Other integral membrane proteins of the phototransduction pathway that are embedded in the discs are two isoforms of the guanylyl cyclases, RetGC1 and RetGC2, which are single-pass transmembrane proteins. Other transduction proteins, such as transducin, phosphodiesterase 6 (PDE6), recoverin, and guanylyl cyclase-activating proteins (GCAPs) are peripheral membrane proteins (see below).
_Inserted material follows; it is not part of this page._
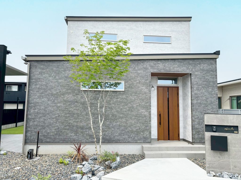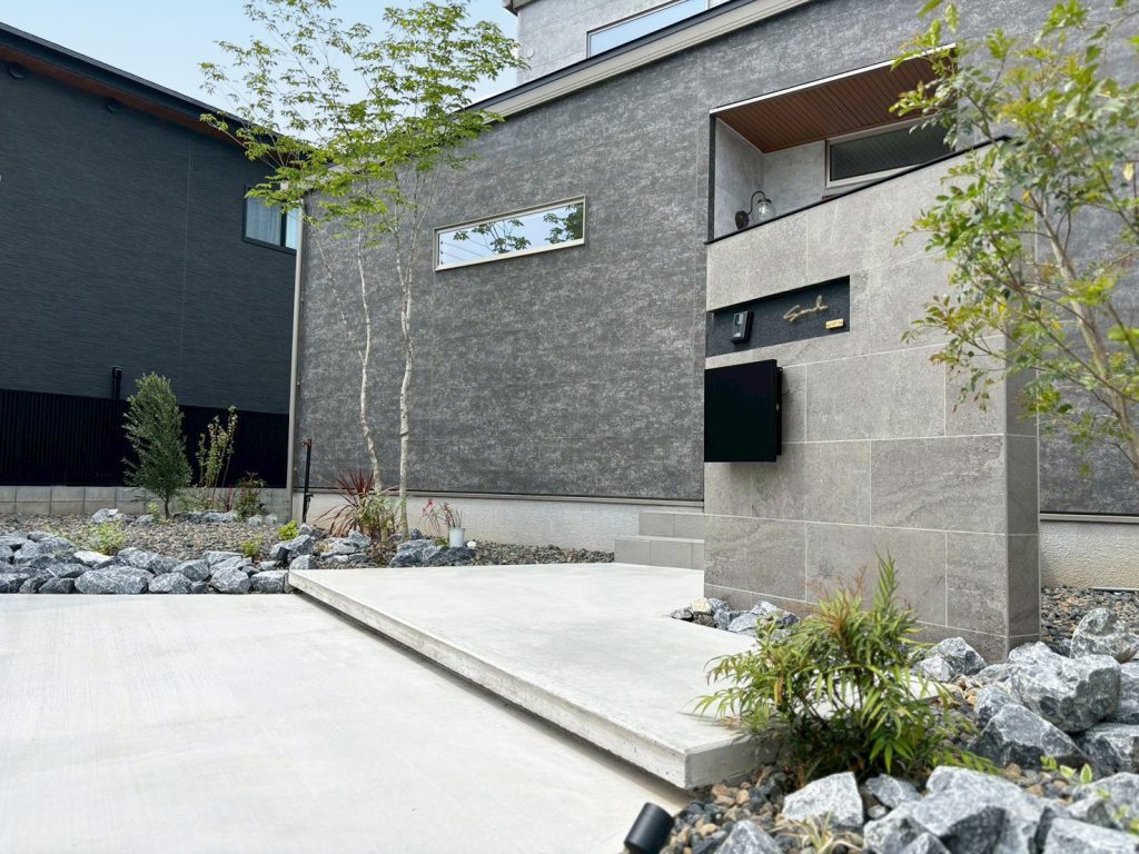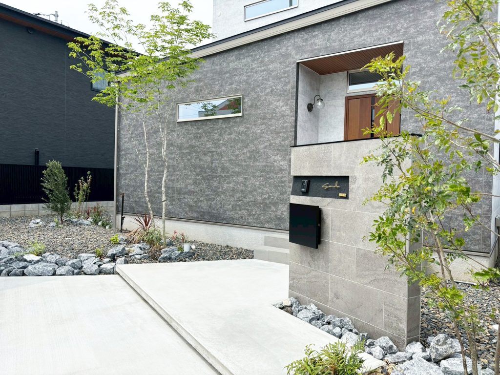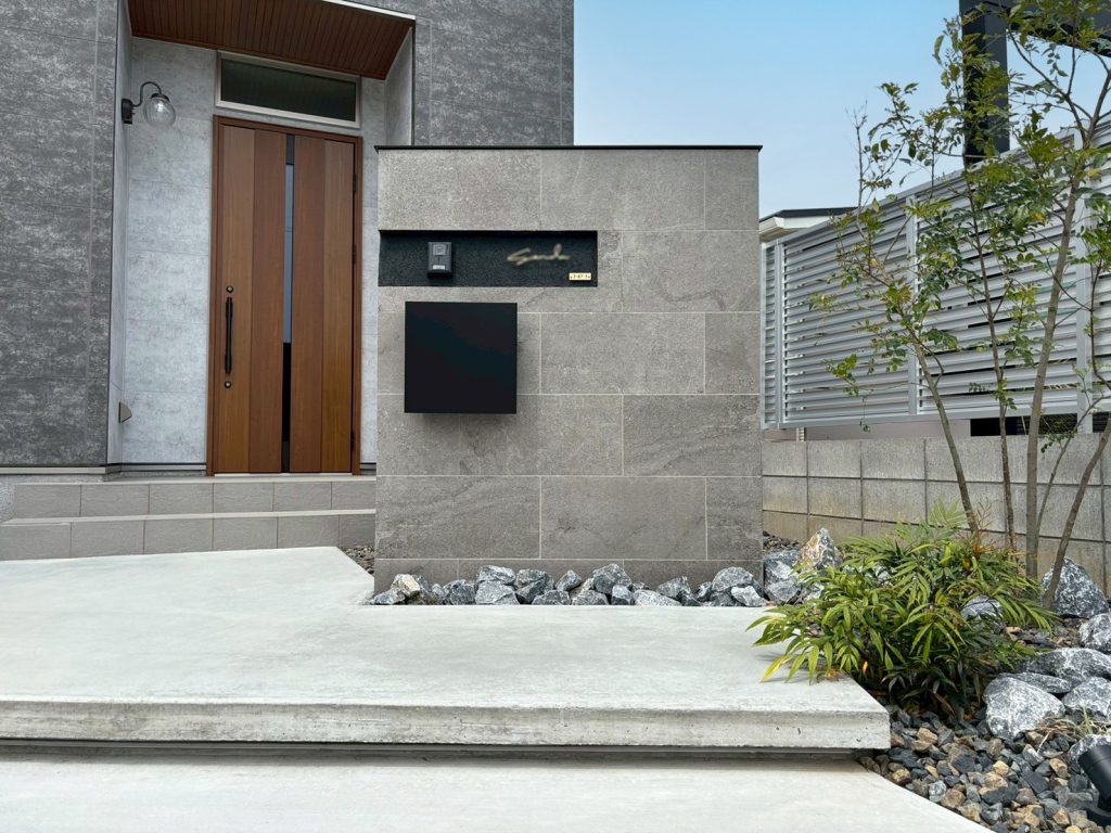 門柱は人気のグレータイル仕上げ。
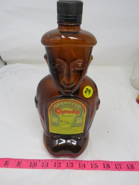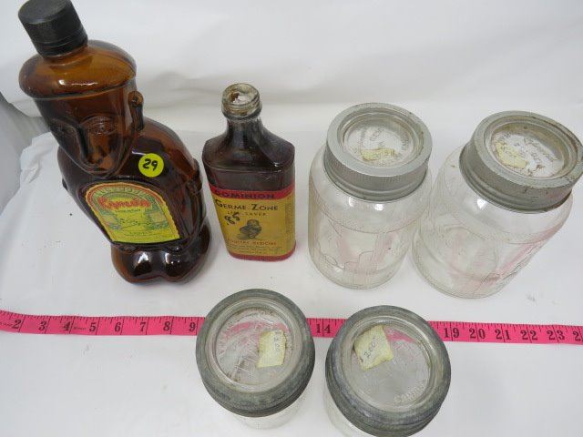 LOT OF PINT, 2 QUART NABOB JARS & LIQUOR BOTTLES

Rhodopsin is not only integral to the phototransduction cascade, it is also required for the formation and maintenance of OS discs; in the absence of rhodopsin, the OS structure is not formed.22 Peripherin and Rom-115,34,35 are two other disc membrane components that contribute to maintaining the flattened structure of the disc. Both of these proteins belong to the tetraspanin family of integral membrane proteins that form large multiprotein complexes known as the tetraspanin web or tetraspanin-enriched microdomains.36 Peripherin/rds is normally found within the edge or “rim” of the disc. It self-associates to form higher-order complexes and also interacts with Rom-1.37 Peripherin/rds and Rom-1 likely function as adhesion molecules that assist in keeping the discs vertically aligned, and may stabilize the disc stack with bridges to the overlying plasma membrane. Peripherin/rds is also thought to function in forming the curvature of the disc rim.38
Deletion or disruption of peripherin/rds results in malformation of discs at the OS base. The naturally occurring retinal degeneration in the mouse named “retinal degeneration, slow” (rds) has been shown to be due to a defect in peripherin/rds. The absence of peripherin/rds in the rds/rds mouse prevents normal development of the photoreceptor OS and leads to photoreceptor cell death.15,39 Transgenic mice that lack peripherin/rds fail to form an OS. When the level is reduced, as in the heterozygous mice, large whorls of disc membrane are formed instead of an organized stack of uniform discs.15,39 Mutations that affect the quaternary structure of peripherin/rds also lead to malformed discs. These observations underscore the importance of peripherin/rds in the formation and maintenance of disc structure in the OS.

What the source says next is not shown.